What's working better for me is Pixar's Hydra[0] renderer displaying Universal
Scene Description (USD) scenes.[1]

Hydra displays unaltered film assets at interactive frame rates easily,
supports subdivision surfaces and Alembic geometry natively, and with USD it's
trivial to incorporate caches, turn assets on and off at runtime, reuse models
from scene to scene, etc.

IMO USD is practically ideal for previz. Absolutely loving it so far, and in
the process of building a much larger pipeline around it.

The downside of USD, I guess, is it's mostly Linux-only today, though Mac OS X
and Windows ports are in progress and seem likely to be ready in the next 3-6
months. We're a Linux-only shop so it hasn't affected us.
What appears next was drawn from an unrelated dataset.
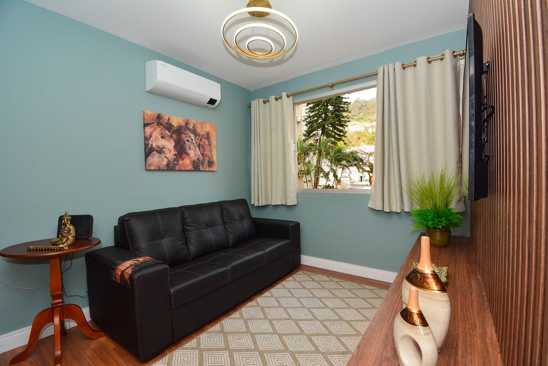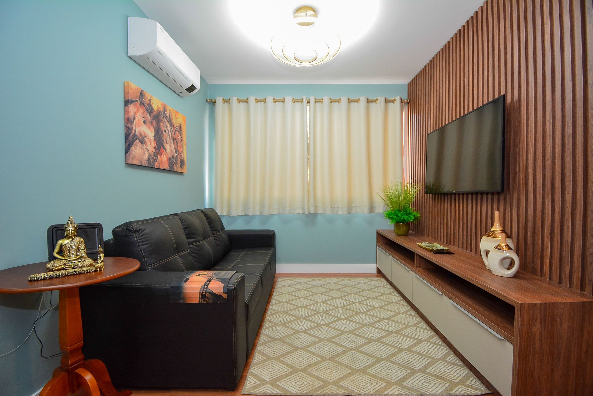 A cozinha completa está pronta para você preparar suas refeições, enquanto a sala de estar oferece um ambiente acolhedor para relaxar após um dia de passeios. Roupas de cama e banho são fornecidas, garantindo conforto e conveniência durante toda a sua estadia.

The main thing we wish Hydra did out-of-the-box is interact with the HTC Vive.
We're looking into how to get VR rendering with Hydra and nVidia's dual-GPU VR
extension. It may be necessary to do this on Windows, unfortunately.

[0] [http://on-
demand.gputechconf.com/gtc/2015/presentation/S5327...](http://on-
demand.gputechconf.com/gtc/2015/presentation/S5327-Jeremy-Cowles.pdf)

[1]
[http://graphics.pixar.com/usd/docs/index.html](http://graphics.pixar.com/usd/docs/index.html)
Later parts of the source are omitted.